§ Problem: What is wanted is every line below from the one with "The LV denim" up to and including the one with "Umontert bol til", retyped exactly, pictures excluded, nothing else.

§ Listed records:
..............................

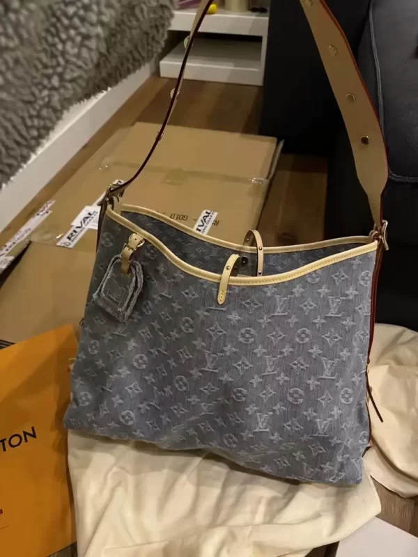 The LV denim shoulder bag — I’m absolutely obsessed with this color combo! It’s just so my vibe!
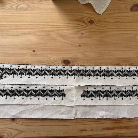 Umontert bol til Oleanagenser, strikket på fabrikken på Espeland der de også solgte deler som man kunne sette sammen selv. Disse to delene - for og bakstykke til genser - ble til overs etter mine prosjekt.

..............................

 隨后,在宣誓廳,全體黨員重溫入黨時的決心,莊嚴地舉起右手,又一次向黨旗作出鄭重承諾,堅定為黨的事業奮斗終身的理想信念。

..............................

§ Answer for the task:
 The LV denim shoulder bag — I’m absolutely obsessed with this color combo! It’s just so my vibe!
 Umontert bol til Oleanagenser, strikket på fabrikken på Espeland der de også solgte deler som man kunne sette sammen selv. Disse to delene - for og bakstykke til genser - ble til overs etter mine prosjekt.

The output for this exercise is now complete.